Her vague misgivings blossomed into a full-fledged sense of dread that made her think of that horrible cloud face she’d seen in the storm. This wasn’t just a case of nebulous bad vibes but recognition that there was some sort of maleficent, perhaps cosmic, force influencing life here at The Reata. She made the determination then and there that they were going to leave this place immediately.
They’d sleep in their car by the side of the highway if they had to, but they were going to get out of here today. She didn’t know why they had waited this long. They should have left after that first night. But somehow the reality of the unreality here, the urgency of the potential danger, seemed to fade soon after it manifested itself. It was as though she suffered from short-term memory loss or some type of imposed ennui that kept her from acting on what she knew to be right, even kept her from communicating with Lowell about it.
But that wasn’t going to happen this time. She was focused now, she could see clearly, and she wasn’t going to let this place sap her resolve or trick her into staying.
This place.
She realized for the first time The Reata was haunted. She didn’t know why she hadn’t noticed before, but it was true. Although now that she thought about it, “haunted” seemed too weak a word for what was happening here, too limited and specific in its definition.

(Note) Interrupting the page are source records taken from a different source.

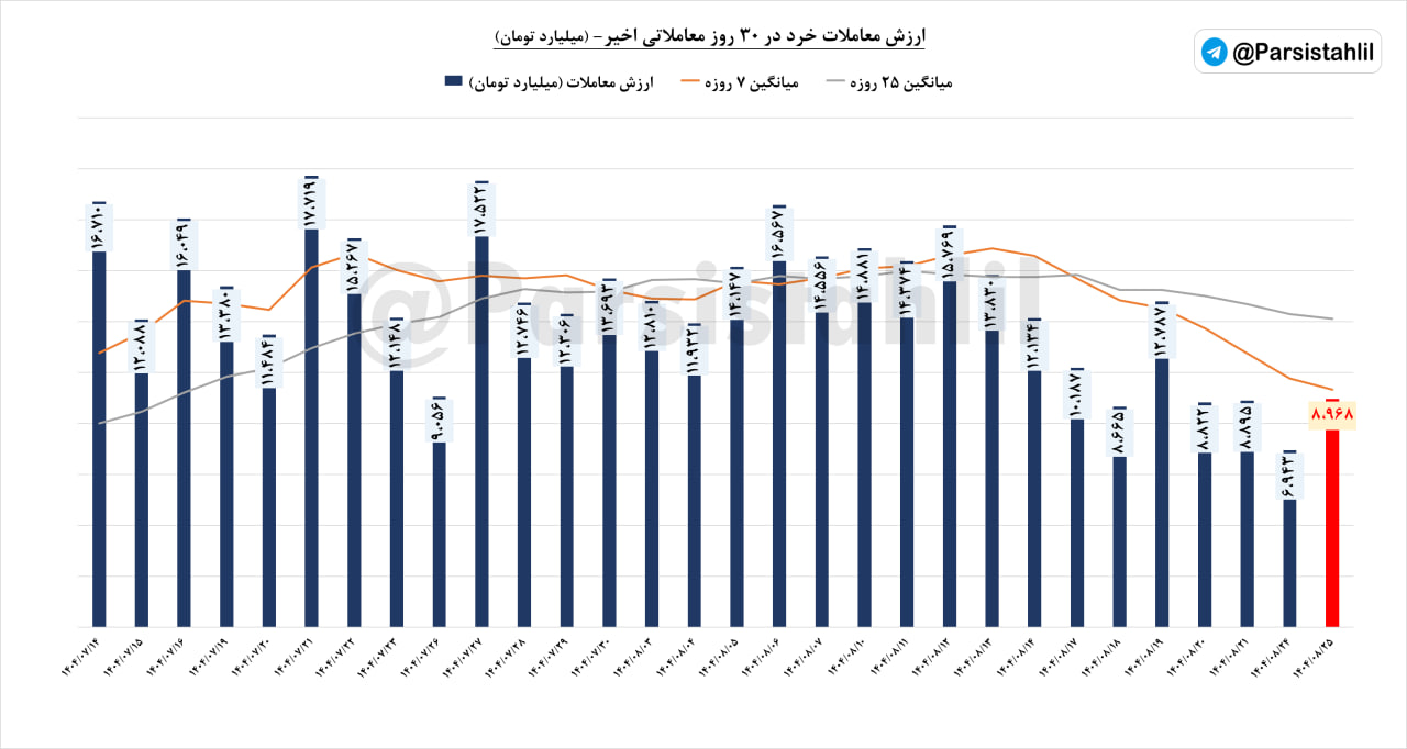 📊ارزش معاملات #خرد (سهام+حق تقدم+صندوق های سهامی) امروز بازار مورخ 25 آبان 1404 مبلغ 8968 میلیارد تومان بود.
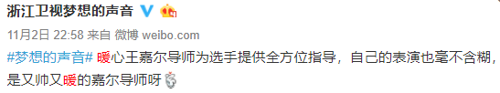 就连节目组官博都忍不住,连发好几条微博夸“真是又帅又暖的导师了!”呵呵,大娱的少女心化了~
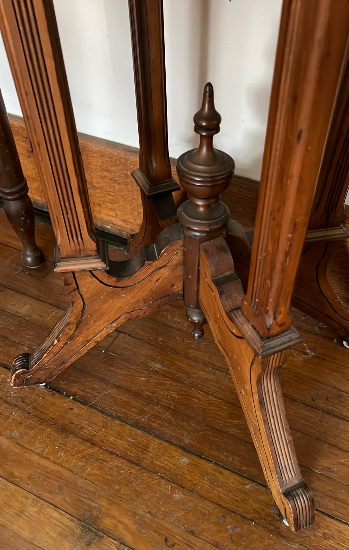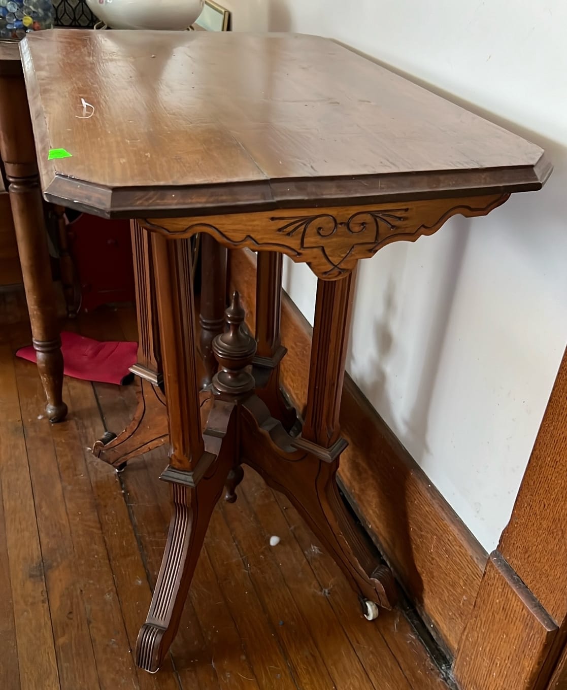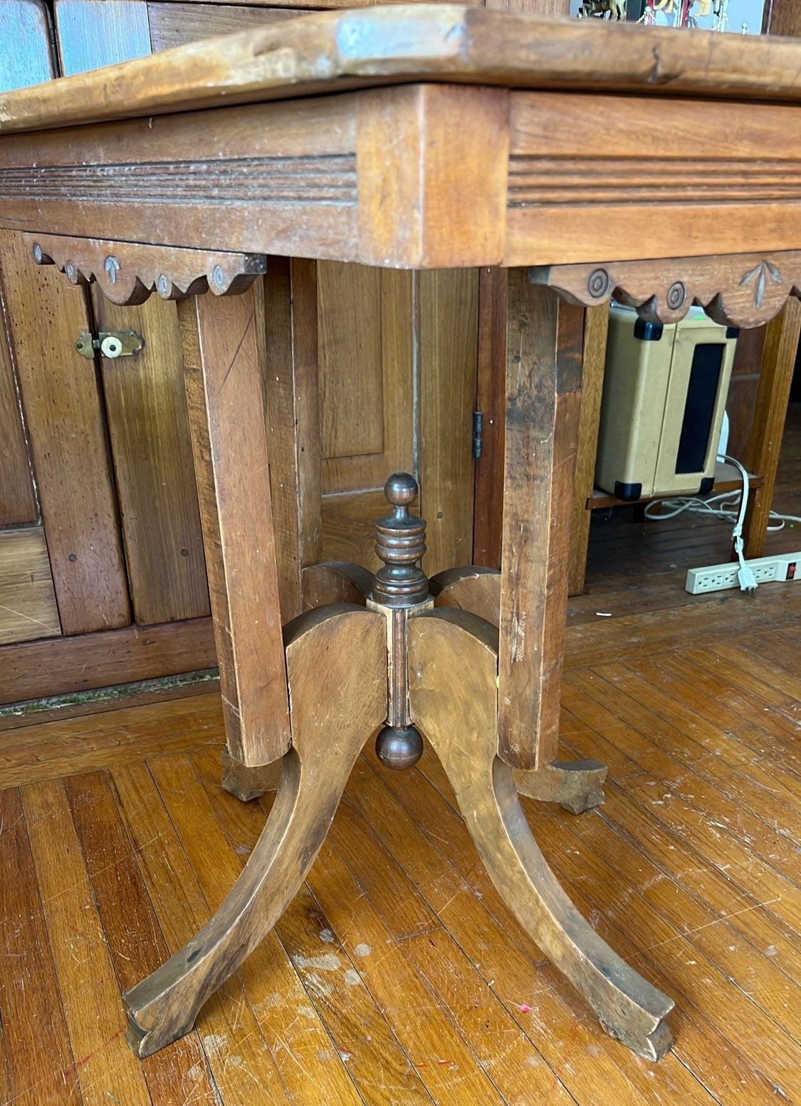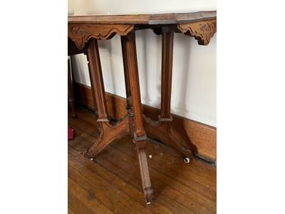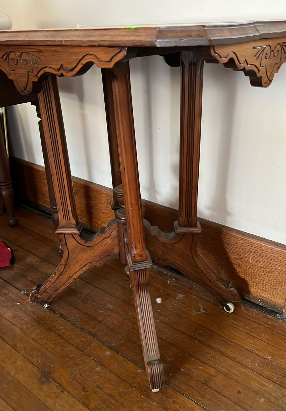 20 Walnut Ornate Parlor Table 28”x30”x18.75”

This wasn’t a set of buildings plagued by ghosts but was a location suffused with a corrupting power that influenced everything in its general vicinity.
The woman next to her nudged Rachel’s arm. “He’s the reason we came here,” she confided. “I saw him on the Food Network and thought he was terrific. I even got some of his recipes off their Web site.”
Rachel nodded, smiling. What the hell was she thinking? Cosmic forces? She was letting her imagination run away with her. So there were poison herbs and aphrodisiacs growing in the chef’s garden. So what? Those things had been cultivated for centuries. The Native Americans who had once farmed in this place had probably made use of such plants as they did everything else that grew around them, and if Roland Acuna wanted to have an authentic Southwest garden incorporating as much indigenous vegetation as possible, naturally they would be part of his planting.
“His vegetarian meatloaf is out of this world,” the woman said.
“Let’s keep walking,” the chef announced.
This part of the garden was on a slight downward slope, and they passed single file over two split-log steps embedded in the dirt. To both sides grew some sort of deep green ground cover. “New Zealand spinach,” Roland said. “It’s a little rough if you eat it raw, so I don’t often use it for salads, but it’s delicious when steamed.”